Tandem use of costimulatory domains can provide improved signal transduction as well as compensate for the deficiencies of a single domain. Thus, it was shown that the use of the CD28 domain alone could not sustain prolonged growth, activity, and survival of T cells (269). The OX40 domain (CD134), which is expressed after T cell activation following antigen and CD28 stimulation, is required for ongoing proliferation and cytokine production (280, 281). It is also noted that the replacement of OX40 with the 4-1BB domain or ligand can reduce or prevent AICD and/or PD-1-mediated suppression (266). It was shown that GD2.CD28.OX40z T cells resulted in maximal NF-κB activation associated with increased and prolonged proliferation and enhanced cytokine release compared with the inclusion of CD28 or OX40 alone (282). However, in another study, GD2.CD28.OX40z secreted less INFγ and IL2 after 30+ days, and their phenotype correlated with exhaustion status compared to GD2.4-1BB.CD28z (283). Phosphoproteomic analysis also showed that GD2.CD28.OX40z had the highest number of phosphorylation sites, suggesting that the cells were overstimulated. The ICOS domain (a member of the CD28 family) can also be added to the CAR construct to enhance the antitumor activity of CD8+ T cells by differentiating CD4+ T cells into the Th1/Th17 phenotype (284). In addition, the ICOS domain has a better effect on CAR-T survival compared to CD28 and also complements the function of the 4-1BB domain, including reducing tonic signaling (284), which likely contributed to the better persistence and antitumor activity of GD2 CAR-T cells in vivo (285). At the same time, combined stimulation of CD28 and 4-1BB may contribute to cytokine storm due to forced stimulation of CD28 (286). However, for third-generation GD2 CAR-T cells, the combination of CD28 and 4-1BB domains is the most optimal. 4-1BB signaling promotes the restoration of CD28-induced depletion and the most homogeneous distribution of CARs on the cell surface, with GD2.4-1BB.CD28z exhibiting effective antitumor activity in vivo (283). For virus-specific CAR-T cells, it was shown that the most optimal domain is CD28, as GD2.CD28z better supports the TCR function (287).

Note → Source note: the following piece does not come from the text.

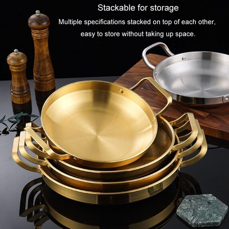 Πυκνωμένο ανοξείδωτο χάλυβα διπλά αυτιά τηγάνι θαλασσινών ρύζι τηγάνι τηγανητό κοτόπουλο δίσκο, μέγεθος: 26cm Golden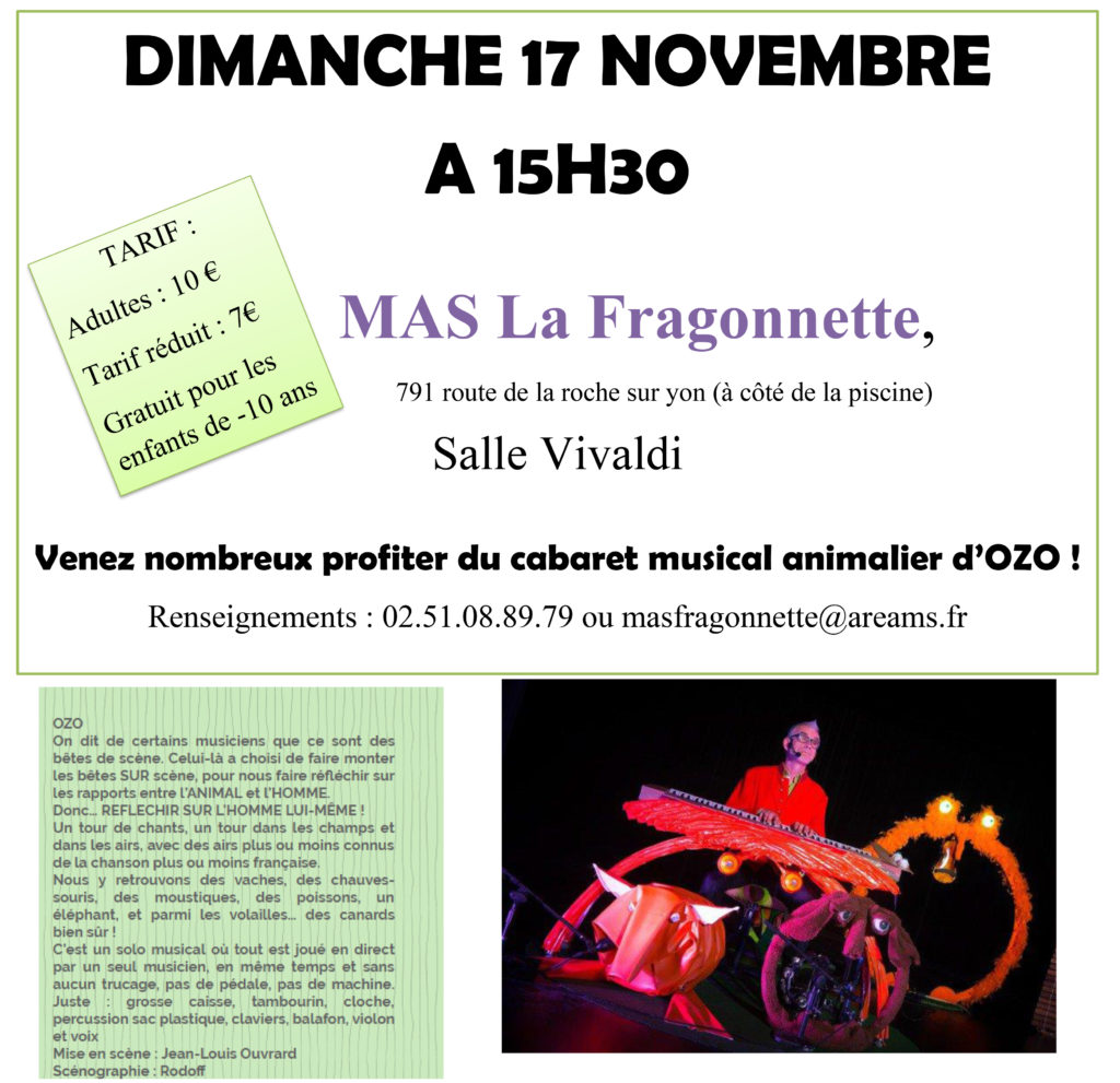 LA MAS propose un spectacle ouvert à tous octobre 7, 2019 Le dimanche 17 novembre prochain, la MAS la Fragonnette sera le lieu de représentation du cabaret musical animalier d’OZO. Ce spectacle est proposé aux résidants de la MAS et à toute personne extérieure qui souhaiterait profiter de l’événement. Ce projet s’inscrit dans le cadre de la 20ème édition du festival « DU COTE D’CHEZ TOI» proposé par l’association « Les pieds dans l’plat ». Le principe consiste à ouvrir son « chez soi » à un public venu profiter d’un spectacle, et se retrouver ensuite autour d’un buffet convivial. Moment culturel, d’échange et de partage où se côtoient personnes valides et personnes en situation de handicap. C’est une formidable occasion de faire tomber les préjugés et de faire évoluer le regard sur le handicap. Venez nombreux, petits et grands, profiter du spectacle « Ozo – le cabaret animalier ». Dimanche 17 novembre à 15 h 30 – Tarifs : 10 € adulte, 7 € tarif réduit, gratuit pour les moins de 10 ans. Renseignements et réservations : 02.51.08.89.79 ou masfragonnette@areams.fr Théatre animalier MAS AREAMS Tweet Navigation de l’article Ouverture d’un Point Conseil BudgetSignature du nouveau CPOM AREAMS, ARS et Conseil départemental

Chimeric TCR signaling is more efficient when mediated by the ξ-chain compared to the γ-chain FcϵRI (270). The choice of the variable fragment is dictated by the conditions of optimal affinity and high specificity of antigen recognition; therefore, ch14.18 is often used as scFv. However, scFv derived from 14g2a causes rapid depletion of GD2.CAR-T cells due to tonic signaling during ex vivo expansion (277). A humanized antibody can be used as a substitute for ch14.18. Thus, it was shown that scFv derived from the humanized antibody KM8138 did not cause anti-idiotypic rejection of CAR-T cells with preservation of their functional activity (288). In addition, scFv derived from hu3F8 allowed CAR-T cells to better target the tumor and promoted increased cytolytic activity compared to scFv based on mAbs CE7 and 14g2a (289, 290). It was also reported that the inclusion of a mutation in the spacer Fc domain avoided off-target toxicity by reducing high-affinity FcγR binding (280), as it can prevent binding to γ receptors of immune cells (291). In a preclinical model, this strategy provokes high neurotoxicity despite high in vivo efficacy (265, 292), making it not feasible.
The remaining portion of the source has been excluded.